*YOUR GOAL*.
What you should give back is a precise copy of the lines below from the one containing "在我一筹莫展的时候老师突然和" through the one containing "Ventas de viviendas", with no pictures.

*MATERIAL FOR THIS TASK*.
▼
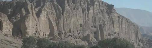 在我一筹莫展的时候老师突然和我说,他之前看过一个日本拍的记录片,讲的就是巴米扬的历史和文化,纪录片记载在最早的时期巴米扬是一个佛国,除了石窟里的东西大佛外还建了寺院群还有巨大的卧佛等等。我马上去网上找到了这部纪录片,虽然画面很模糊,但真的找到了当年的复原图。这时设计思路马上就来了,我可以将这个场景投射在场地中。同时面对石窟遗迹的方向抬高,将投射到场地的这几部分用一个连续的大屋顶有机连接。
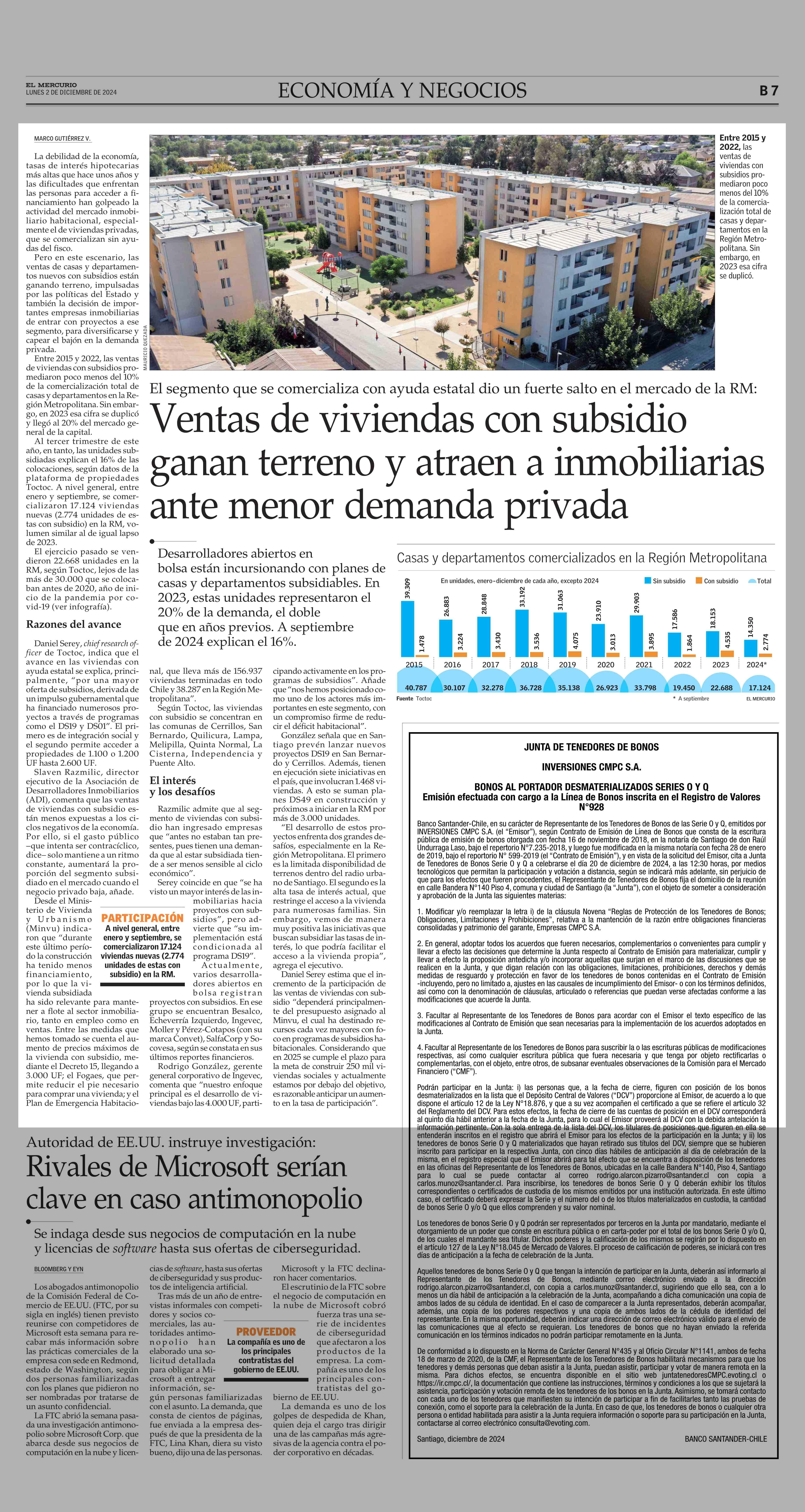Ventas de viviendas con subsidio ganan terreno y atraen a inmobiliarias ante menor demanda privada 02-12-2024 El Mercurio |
▲
▼
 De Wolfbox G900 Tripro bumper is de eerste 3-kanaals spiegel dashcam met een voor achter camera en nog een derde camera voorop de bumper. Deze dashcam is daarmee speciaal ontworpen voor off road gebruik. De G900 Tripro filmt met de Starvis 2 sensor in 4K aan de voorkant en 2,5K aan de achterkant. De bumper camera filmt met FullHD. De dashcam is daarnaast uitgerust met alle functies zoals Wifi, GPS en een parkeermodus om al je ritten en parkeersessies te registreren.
▲
*EXERCISE OUTPUT*.
 在我一筹莫展的时候老师突然和我说,他之前看过一个日本拍的记录片,讲的就是巴米扬的历史和文化,纪录片记载在最早的时期巴米扬是一个佛国,除了石窟里的东西大佛外还建了寺院群还有巨大的卧佛等等。我马上去网上找到了这部纪录片,虽然画面很模糊,但真的找到了当年的复原图。这时设计思路马上就来了,我可以将这个场景投射在场地中。同时面对石窟遗迹的方向抬高,将投射到场地的这几部分用一个连续的大屋顶有机连接。
Ventas de viviendas con subsidio ganan terreno y atraen a inmobiliarias ante menor demanda privada 02-12-2024 El Mercurio |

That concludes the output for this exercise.